В некоторых вариантах осуществления у ″привитой″ Rag2-/-IL2rg-/- hM-CSF мыши в возрасте около 12 недель наблюдается повышенное количество человеческих CD14+CD33+(hCD14+CD33+) клеток в костном мозге, селезенке и периферической крови по сравнению с мышью, содержащей человеческие гемопоэтические клетки, которые экспрессируют мышиный M-CSF, а не человеческий M-CSF. В определенном варианте осуществления увеличение hCD14+CD33+ клеток костного мозга по сравнению с мышью, экспрессирующей только мышиный M-CSF, составляет примерно от 5 до 15 раз, в одном варианте осуществления примерно от 12 до 14 раз.
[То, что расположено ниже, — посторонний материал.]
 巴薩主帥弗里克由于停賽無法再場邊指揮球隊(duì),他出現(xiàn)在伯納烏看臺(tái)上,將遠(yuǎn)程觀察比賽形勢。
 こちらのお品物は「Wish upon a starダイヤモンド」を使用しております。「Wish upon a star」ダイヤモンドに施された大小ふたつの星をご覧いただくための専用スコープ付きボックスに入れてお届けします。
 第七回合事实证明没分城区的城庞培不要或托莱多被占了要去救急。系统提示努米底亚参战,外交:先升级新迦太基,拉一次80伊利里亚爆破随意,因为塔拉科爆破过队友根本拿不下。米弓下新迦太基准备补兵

В определенном варианте осуществления увеличение hCD14+CD33+ клеток селезенки по сравнению с мышью, содержащей человеческие гемопоэтические клетки, которые экспрессируют только мышиный M-CSF, составляет примерно от 2 до 6 раз, в одном варианте осуществления примерно от 5 до 6 раз. В определенном варианте осуществления увеличение hCD14+CD33+ клеток периферической крови по сравнению с мышью, содержащей человеческие гемопоэтические клетки, которые экспрессируют только мышиный M-CSF, составляет примерно от 2 до 8 раз, в одном варианте осуществления примерно от 5 до 7 раз.
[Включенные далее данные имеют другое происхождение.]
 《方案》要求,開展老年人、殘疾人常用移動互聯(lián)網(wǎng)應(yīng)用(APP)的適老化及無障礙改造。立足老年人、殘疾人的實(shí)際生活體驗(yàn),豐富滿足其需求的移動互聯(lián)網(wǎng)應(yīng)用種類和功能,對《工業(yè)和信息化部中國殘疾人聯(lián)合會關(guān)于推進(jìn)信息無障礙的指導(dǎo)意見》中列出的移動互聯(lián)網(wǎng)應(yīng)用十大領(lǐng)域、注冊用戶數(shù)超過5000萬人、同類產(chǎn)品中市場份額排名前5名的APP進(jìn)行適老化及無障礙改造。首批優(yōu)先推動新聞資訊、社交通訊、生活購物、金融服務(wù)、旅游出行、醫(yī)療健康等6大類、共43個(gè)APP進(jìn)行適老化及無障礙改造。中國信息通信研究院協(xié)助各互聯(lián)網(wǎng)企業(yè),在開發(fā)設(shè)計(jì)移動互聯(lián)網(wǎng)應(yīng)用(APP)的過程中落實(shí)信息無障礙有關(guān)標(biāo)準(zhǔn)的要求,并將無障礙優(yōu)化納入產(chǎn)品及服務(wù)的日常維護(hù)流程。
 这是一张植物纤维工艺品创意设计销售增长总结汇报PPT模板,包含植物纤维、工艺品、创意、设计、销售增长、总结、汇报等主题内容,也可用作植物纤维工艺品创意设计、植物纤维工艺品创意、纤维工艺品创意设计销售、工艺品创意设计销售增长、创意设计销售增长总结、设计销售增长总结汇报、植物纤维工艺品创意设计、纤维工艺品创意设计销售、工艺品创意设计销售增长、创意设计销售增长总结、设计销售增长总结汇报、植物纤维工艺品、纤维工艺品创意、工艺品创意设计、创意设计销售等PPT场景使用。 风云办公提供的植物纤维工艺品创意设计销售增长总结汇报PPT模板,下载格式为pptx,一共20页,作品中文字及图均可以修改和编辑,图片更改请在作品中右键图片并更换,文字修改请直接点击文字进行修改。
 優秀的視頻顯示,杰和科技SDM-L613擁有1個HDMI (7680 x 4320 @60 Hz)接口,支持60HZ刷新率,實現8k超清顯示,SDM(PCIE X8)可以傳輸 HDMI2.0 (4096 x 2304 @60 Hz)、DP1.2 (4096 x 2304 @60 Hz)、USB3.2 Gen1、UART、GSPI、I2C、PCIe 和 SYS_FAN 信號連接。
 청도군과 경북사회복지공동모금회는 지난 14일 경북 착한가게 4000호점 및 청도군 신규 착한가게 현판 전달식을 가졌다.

В некоторых вариантах осуществления у «привитой» Rag2-/-IL2rg-/- hM-CSF мыши в возрасте около 12 недель наблюдается уровень hCD14+CD33+ клеток моноцитарно/макрофагальной линии дифференцировки в крови, составляющий примерно от 15 до 40%, в одном варианте осуществления примерно 30%. В одном варианте осуществления генетически модифицированная ″привитая″ мышь в возрасте около 16 недель демонстрирует уровень hCD14+CD33+ клеток моноцитарно/макрофагальной линии дифференцировки в крови, составляющий примерно от 15 до 30%, в одном варианте осуществления примерно 22%. В одном варианте осуществления генетически модифицированная «привитая» мышь в возрасте около 20 недель демонстрирует уровень hCD14+CD33+ клеток моноцитарно/макрофагальной линии дифференцировки в крови, составляющий примерно от 5 до 15%, в одном варианте осуществления примерно 10%. В одном варианте осуществления генетически модифицированная «привитая» мышь в возрасте около 20 недель демонстрирует уровень hCD14+CD33+ клеток моноцитарно/макрофагальной линии дифференцировки в крови, который примерно от 4 до 8 раз выше, чем уровень у «привитой» мыши, экспрессирующей мышиный M-CSF, а не человеческий M-CSF, в одном варианте осуществления примерно в 6 раз выше.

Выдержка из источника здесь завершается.